Nothing
#' Acetylene Data
#'
#' The data consist of measures of \code{yield} of a chemical manufacturing
#' process for acetylene in relation to numeric parameters.
#'
#' Marquardt and Snee (1975) used these data to illustrate ridge regression in
#' a model containing quadratic and interaction terms, particularly the need to
#' center and standardize variables appearing in high-order terms.
#'
#' Typical models for these data include the interaction of \code{temp:ratio},
#' and a squared term in \code{temp}
#'
#' @name Acetylene
#' @docType data
#' @format A data frame with 16 observations on the following 4 variables.
#' \describe{
#' \item{\code{yield}}{conversion percentage yield of acetylene}
#' \item{\code{temp}}{reactor temperature (celsius)}
#' \item{\code{ratio}}{H2 to N-heptone ratio}
#' \item{\code{time}}{contact time (sec)}
#' }
#' @references
#' Marquardt, D.W., and Snee, R.D. (1975), "Ridge Regression in
#' Practice," \emph{The American Statistician}, \bold{29}, 3-20.
#'
#' Marquardt, D.W. (1980), "A Critique of Some Ridge Regression Methods:
#' Comment," \emph{Journal of the American Statistical Association}, Vol. 75,
#' No. 369 (Mar., 1980), pp. 87-91
#'
#' @source SAS documentation example for \code{PROC REG}, \emph{Ridge
#' Regression for Acetylene Data}.
#' @keywords datasets
#' @examples
#'
#' data(Acetylene)
#'
#' # naive model, not using centering
#' amod0 <- lm(yield ~ temp + ratio + time + I(time^2) + temp:time, data=Acetylene)
#'
#' y <- Acetylene[,"yield"]
#' X0 <- model.matrix(amod0)[,-1]
#'
#' lambda <- c(0, 0.0005, 0.001, 0.002, 0.005, 0.01)
#' aridge0 <- ridge(y, X0, lambda=lambda)
#'
#' traceplot(aridge0)
#' traceplot(aridge0, X="df")
#' pairs(aridge0, radius=0.2)
#'
#'
#'
NULL
#' Detroit Homicide Data for 1961-1973
#'
#' @description
#' The data set \code{Detroit} was used extensively in the book by Miller
#' (2002) on subset regression.
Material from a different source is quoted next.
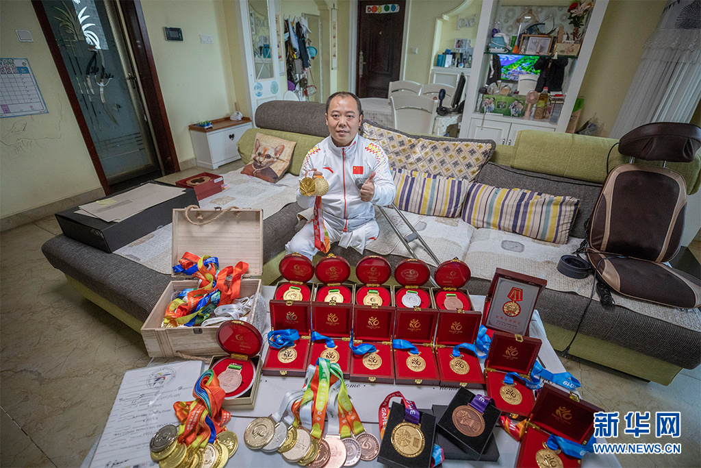 从接触射击项目到现在17年过去了,沉甸甸的103块奖牌是对董超多年坚持最好的回馈。采访时,董超取出装有奖牌的大箱子,让同行记者大为震撼。董超也对每块奖牌如数家珍,一一给记者介绍。图为董超和部分奖牌合影,他手中拿的正是东京残奥会获得的金牌。新华网 张可凡 摄

The data are unusual in that a subset of three
#' predictors can be found which gives a very much better fit to the data than
#' the subsets found from the Efroymson stepwise algorithm, or from forward
#' selection or backward elimination. They are also unusual in that, as time
#' series data, the assumption of independence is patently violated, and the
#' data suffer from problems of high collinearity.
#'
#' As well, ridge regression reveals somewhat paradoxical paths of shrinkage in
#' univariate ridge trace plots, that are more comprehensible in multivariate
#' views.
#'
#' @details
#' The data were originally collected and discussed by Fisher (1976) but the
#' complete dataset first appeared in Gunst and Mason (1980, Appendix A).
#' Miller (2002) discusses this dataset throughout his book, but doesn't state
#' clearly which variables he used as predictors and which is the dependent
#' variable. (\code{Homicide} was the dependent variable, and the predictors
#' were \code{Police} \dots{} \code{WkEarn}.) The data were obtained from
#' StatLib.
#'
#' A similar version of this data set, with different variable names appears in
#' the \code{bestglm} package.
#'
#' @name Detroit
#' @docType data
#' @format A data frame with 13 observations on the following 14 variables.
#' \describe{
#' \item{\code{Police}}{Full-time police per 100,000 population}
#' \item{\code{Unemp}}{Percent unemployed in the population}
#' \item{\code{MfgWrk}}{Number of manufacturing workers in thousands}
#' \item{\code{GunLic}}{Number of handgun licences per 100,000 population}
#' \item{\code{GunReg}}{Number of handgun registrations per 100,000 population}
#' \item{\code{HClear}}{Percent of homicides cleared by arrests}
#' \item{\code{WhMale}}{Number of white males in the population}
#' \item{\code{NmfgWrk}}{Number of non-manufacturing workers in thousands}
#' \item{\code{GovWrk}}{Number of government workers in thousands}
#' \item{\code{HrEarn}}{Average hourly earnings}
#' \item{\code{WkEarn}}{Average weekly earnings}
#' \item{\code{Accident}}{Death rate in accidents per 100,000 population}
#' \item{\code{Assaults}}{Number of assaults per 100,000 population}
#' \item{\code{Homicide}}{Number of homicides per 100,000 of population}
#' }
#'
#' @references
#' Fisher, J.C. (1976). Homicide in Detroit: The Role of Firearms.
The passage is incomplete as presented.